(a) Data collection
We conducted a literature search in Web of Science to build a comprehensive database of published genetic diversity observations in marine fishes. The following keyword search terms were used: fish* microsatellite* (marine OR ocean OR sea) and fish* mtDNA* (marine OR ocean OR sea) . Only studies published prior to 5 January 2020 were included in the dataset. This was a ”Class II” study in the sense of Leigh et al. (2021) and had the benefits of more easily compiling nuclear diversity data, accounting for allele frequencies in diversity estimates, and using expert-defined populations, but the downside of compiling data across fewer species, in contrast to ”Class III” studies that use existing online databases like NCBI or BOLD to download, grid, and analyze unique mitochondrial sequencies. During the literature search, we excluded anadromous, catadromous, and estuarine species from the database, as well as data from populations that were captive, farmed, or stocked. We also excluded data from studies that either did not report the corresponding latitudinal & longitudinal coordinates, or only vaguely identified the sampling location (precision less than 3°). For a more detailed explanation of further exclusion criteria see the Supplemental Methods.

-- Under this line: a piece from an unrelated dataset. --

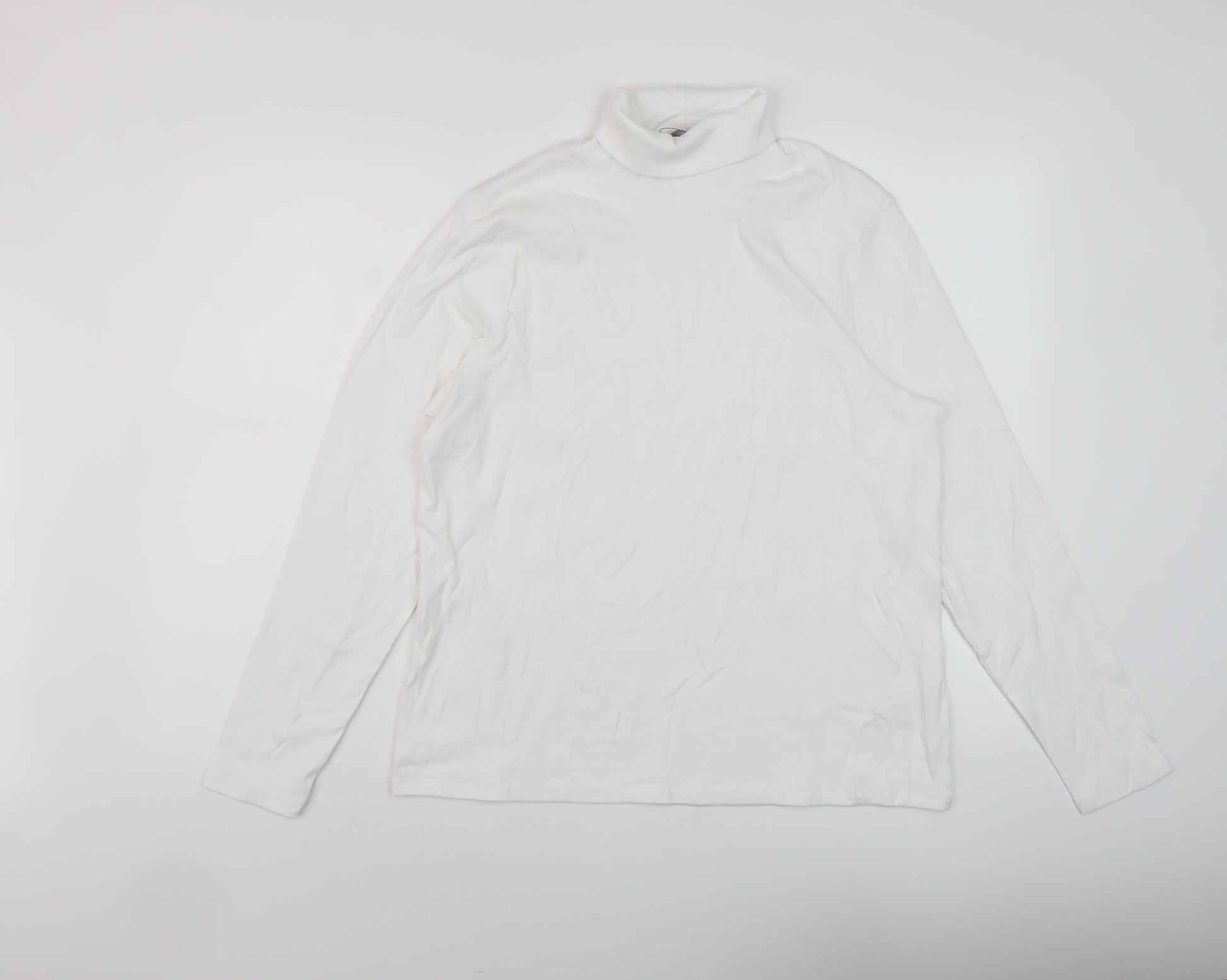 Womens White Cotton Basic T-Shirt Size 22 Roll Neck
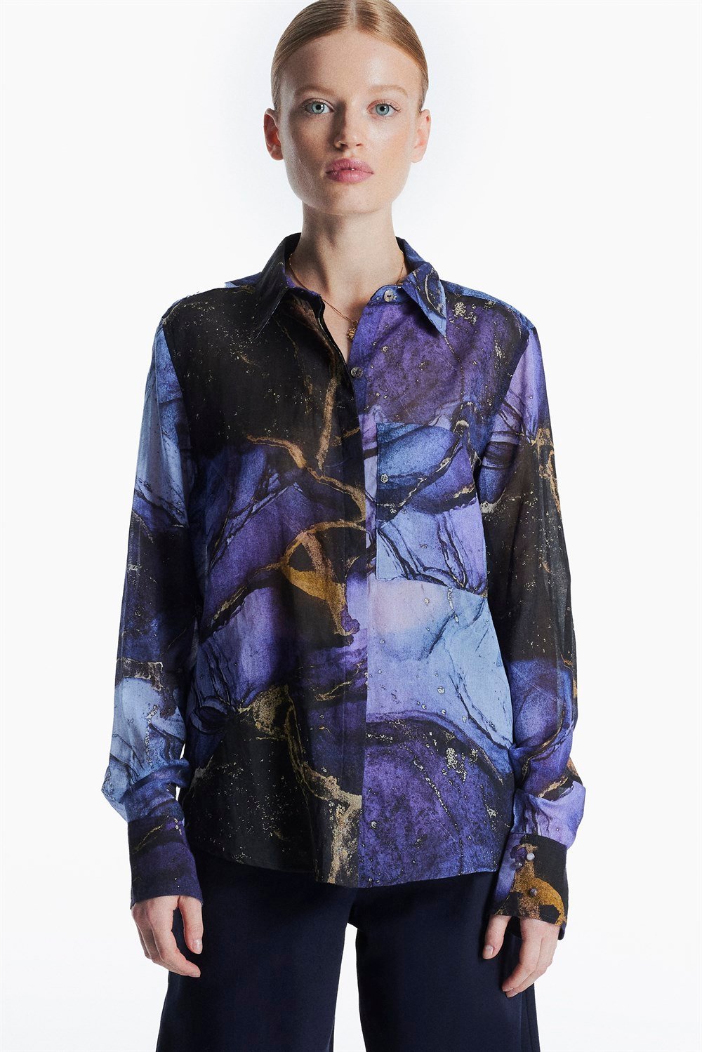 Meaning "Bright" in Japanese, AKIO Shirt was inspired by the healing power of natural crystals. Crafted from %100 cotton voile print, this timeless semi-fitted shirt features a pointed collar, hidden placket and pleated long cuffed sleeves. The natural amethyst on the cuffs and the profound colors add a feminine healing touch. Let your light shine through AKIO...

We recorded expected heterozygosity (He ) for microsatellite studies, and nucleotide diversity (π) or haplotype diversity (Hd ) for mtDNA studies as reported. The standard errors of He , Hdor π were also recorded (or calculated from the standard deviations), when provided. For mtDNA, marker length (in base pairs) was recorded. For microsatellite studies, we recorded whether or not the primers were originally developed in a different species, as cross-species amplification can negatively influence diversity estimates (Barbará et al. 2007). When possible, we recorded He on a per-marker basis, though some studies reported only average heterozygosity across markers. For these studies, we listed each locus separately and extrapolated per-marker diversity by adding a normally distributed error to the average diversity estimate (Pinsky & Palumbi 2014). This error distribution had a standard deviation equal to that reported within the study. If a within-study standard deviation was not available, we used the average standard deviation (0.24) reported across all studies.
In addition to following global patterns, genetic diversity often declines towards a species’ range margin, as populations at the edge tend to be smaller in size relative to those at the range center (Clark et al. 2021; Eckert et al. 2008). To help account for these cross-range effects, we used the R package rfishbase v.3.1.6 (Boettiger et al. 2011) to download species range data from Aquamaps (Kaschner et al. 2019). We then calculated the latitudinal range position of each sampled population in our database. This value ranged from 0 to 1, with 0 indicating the population was located at the center of itsspecies range and 1 indicating the population was located at the very northern or southern edge of its species range. Finally, we also recorded the family and genus for each species.